■ Data records:
--- START ---
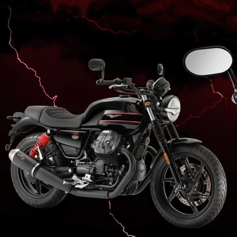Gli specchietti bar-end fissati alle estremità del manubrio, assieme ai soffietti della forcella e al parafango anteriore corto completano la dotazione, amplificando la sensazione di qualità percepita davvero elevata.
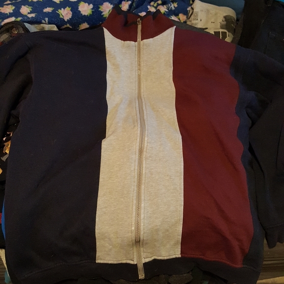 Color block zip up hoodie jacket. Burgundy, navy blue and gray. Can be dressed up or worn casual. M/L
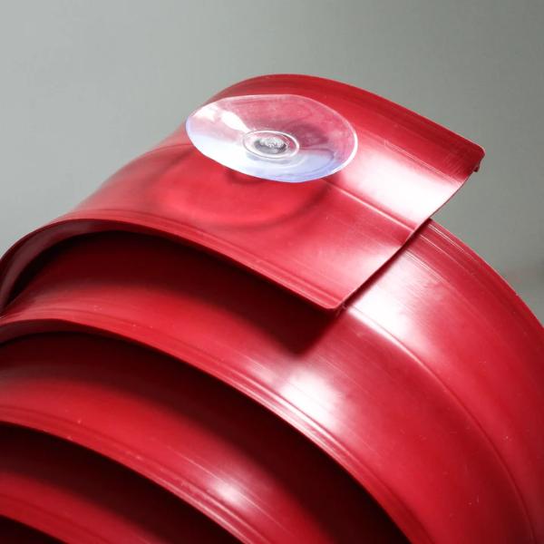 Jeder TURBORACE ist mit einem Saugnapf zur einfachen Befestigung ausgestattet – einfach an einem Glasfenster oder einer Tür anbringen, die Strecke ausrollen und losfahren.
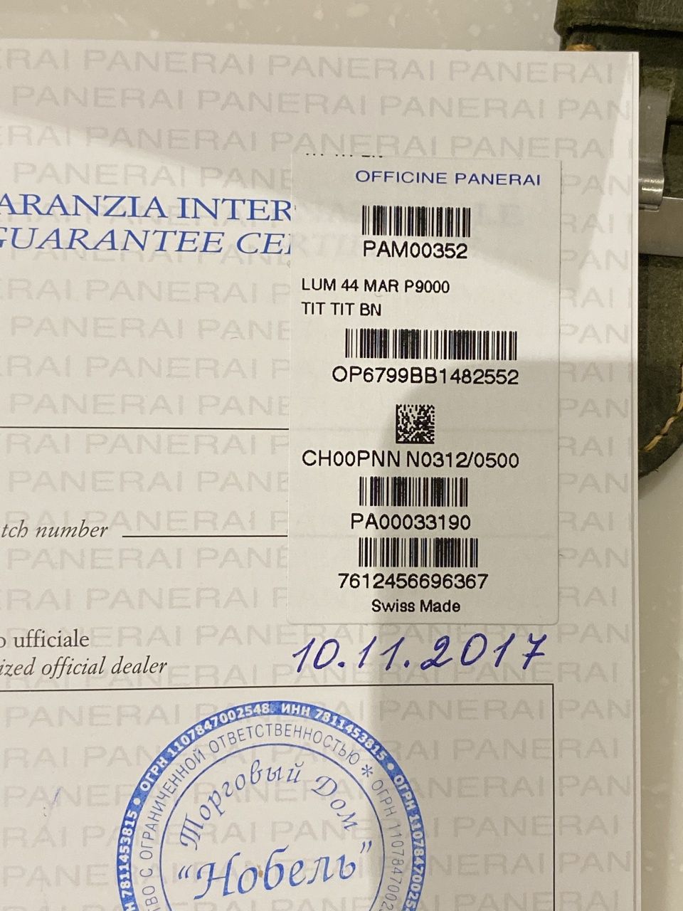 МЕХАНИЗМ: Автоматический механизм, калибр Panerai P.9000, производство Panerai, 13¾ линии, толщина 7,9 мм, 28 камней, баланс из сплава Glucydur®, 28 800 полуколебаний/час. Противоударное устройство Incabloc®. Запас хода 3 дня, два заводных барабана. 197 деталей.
--- END ---
--- START ---
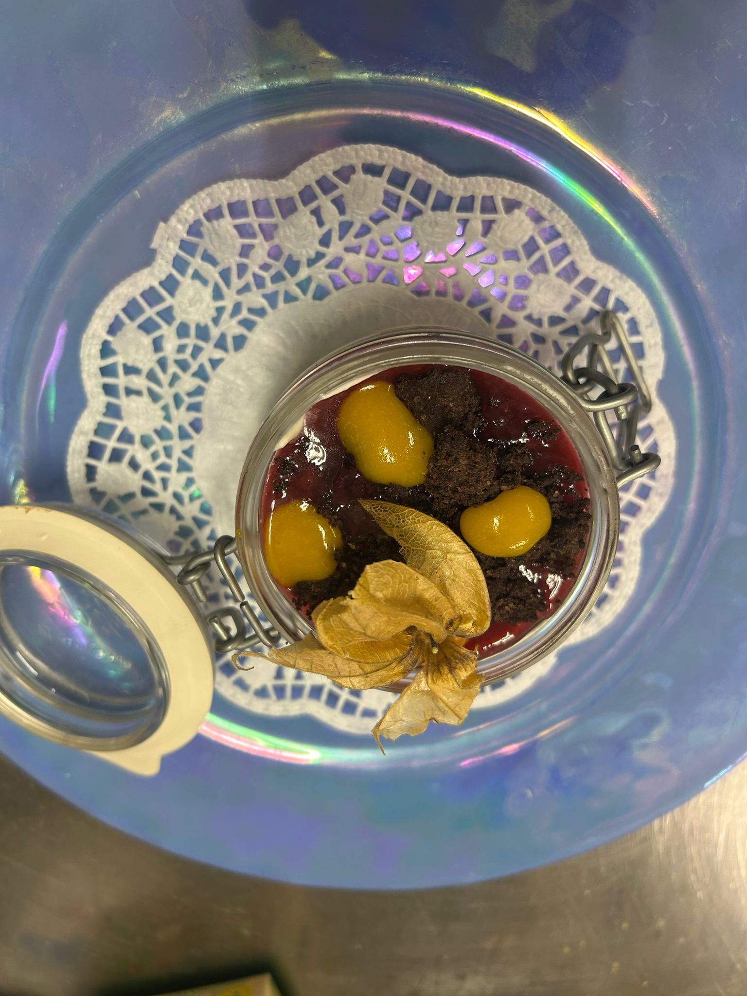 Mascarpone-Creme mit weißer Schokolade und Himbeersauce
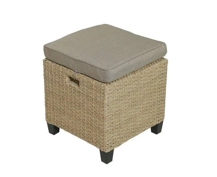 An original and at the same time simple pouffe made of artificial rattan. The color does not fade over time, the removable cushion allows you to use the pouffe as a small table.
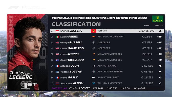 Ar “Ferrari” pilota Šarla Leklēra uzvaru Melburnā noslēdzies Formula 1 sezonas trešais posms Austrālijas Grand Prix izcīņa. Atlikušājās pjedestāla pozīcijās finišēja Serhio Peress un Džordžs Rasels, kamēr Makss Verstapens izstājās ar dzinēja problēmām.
--- END ---
■ Task instructions:
Give back exactly the lines above that run from the one with "Jeder TURBORACE ist" to the one with "МЕХАНИЗМ: Автоматический механизм, калибр", including both, with the pictures left out.

■ Answer to this problem:
 Jeder TURBORACE ist mit einem Saugnapf zur einfachen Befestigung ausgestattet – einfach an einem Glasfenster oder einer Tür anbringen, die Strecke ausrollen und losfahren.
 МЕХАНИЗМ: Автоматический механизм, калибр Panerai P.9000, производство Panerai, 13¾ линии, толщина 7,9 мм, 28 камней, баланс из сплава Glucydur®, 28 800 полуколебаний/час. Противоударное устройство Incabloc®. Запас хода 3 дня, два заводных барабана. 197 деталей.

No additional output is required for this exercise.